#### [PROVIDED DATA]
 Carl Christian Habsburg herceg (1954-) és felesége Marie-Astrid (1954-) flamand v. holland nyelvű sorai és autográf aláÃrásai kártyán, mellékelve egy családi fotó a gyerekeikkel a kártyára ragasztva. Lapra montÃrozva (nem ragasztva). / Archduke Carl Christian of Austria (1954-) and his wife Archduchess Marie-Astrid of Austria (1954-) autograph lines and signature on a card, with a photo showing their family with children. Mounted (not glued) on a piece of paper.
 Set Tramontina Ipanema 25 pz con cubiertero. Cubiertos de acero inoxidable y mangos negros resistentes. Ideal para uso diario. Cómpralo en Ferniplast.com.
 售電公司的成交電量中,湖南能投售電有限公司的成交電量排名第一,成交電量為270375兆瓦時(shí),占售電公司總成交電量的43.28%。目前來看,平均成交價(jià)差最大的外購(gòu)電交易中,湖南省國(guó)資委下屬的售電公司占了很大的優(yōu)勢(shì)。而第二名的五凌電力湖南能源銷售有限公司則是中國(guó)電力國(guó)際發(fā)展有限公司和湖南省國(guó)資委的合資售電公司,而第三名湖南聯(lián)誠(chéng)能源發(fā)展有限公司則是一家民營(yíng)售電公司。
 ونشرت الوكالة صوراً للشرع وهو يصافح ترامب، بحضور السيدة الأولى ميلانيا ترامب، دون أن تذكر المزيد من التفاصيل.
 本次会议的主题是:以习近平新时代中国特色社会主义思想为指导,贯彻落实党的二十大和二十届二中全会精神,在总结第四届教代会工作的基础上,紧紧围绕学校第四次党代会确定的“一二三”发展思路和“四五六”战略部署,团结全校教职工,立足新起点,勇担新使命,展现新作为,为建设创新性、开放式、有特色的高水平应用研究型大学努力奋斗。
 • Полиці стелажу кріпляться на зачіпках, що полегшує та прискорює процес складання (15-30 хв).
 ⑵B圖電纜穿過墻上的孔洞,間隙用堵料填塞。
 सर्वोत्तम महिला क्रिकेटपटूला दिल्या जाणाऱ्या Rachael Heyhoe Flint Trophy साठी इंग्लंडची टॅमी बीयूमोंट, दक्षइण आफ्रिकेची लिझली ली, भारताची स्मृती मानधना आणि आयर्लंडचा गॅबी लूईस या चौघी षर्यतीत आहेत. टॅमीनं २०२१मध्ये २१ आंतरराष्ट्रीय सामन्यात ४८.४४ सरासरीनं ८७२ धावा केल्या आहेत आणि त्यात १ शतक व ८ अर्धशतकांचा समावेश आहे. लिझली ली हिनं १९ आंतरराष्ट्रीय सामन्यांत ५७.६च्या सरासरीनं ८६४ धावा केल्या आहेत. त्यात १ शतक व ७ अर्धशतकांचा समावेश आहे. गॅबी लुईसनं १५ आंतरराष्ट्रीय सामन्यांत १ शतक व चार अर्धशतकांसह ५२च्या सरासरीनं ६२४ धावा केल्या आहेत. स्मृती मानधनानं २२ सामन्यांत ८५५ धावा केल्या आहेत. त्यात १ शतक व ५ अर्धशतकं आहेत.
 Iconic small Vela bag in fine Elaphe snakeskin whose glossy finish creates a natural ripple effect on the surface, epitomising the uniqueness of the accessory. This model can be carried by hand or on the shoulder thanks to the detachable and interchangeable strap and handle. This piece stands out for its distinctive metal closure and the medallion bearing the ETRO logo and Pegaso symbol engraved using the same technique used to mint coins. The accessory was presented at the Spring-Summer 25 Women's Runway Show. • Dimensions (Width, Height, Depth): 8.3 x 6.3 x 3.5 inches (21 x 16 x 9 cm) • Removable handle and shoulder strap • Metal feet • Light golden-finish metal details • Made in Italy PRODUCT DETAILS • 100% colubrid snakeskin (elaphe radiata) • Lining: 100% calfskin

#### [YOUR INSTRUCTIONS]
Copy verbatim, from the listing above, each line from the one containing "складання (15-30 хв)." down to the one containing "⑵B圖電纜穿過墻上的孔洞,間隙用堵料填塞。", inclusive.

#### [WRITTEN ANSWER]
 • Полиці стелажу кріпляться на зачіпках, що полегшує та прискорює процес складання (15-30 хв).
 ⑵B圖電纜穿過墻上的孔洞,間隙用堵料填塞。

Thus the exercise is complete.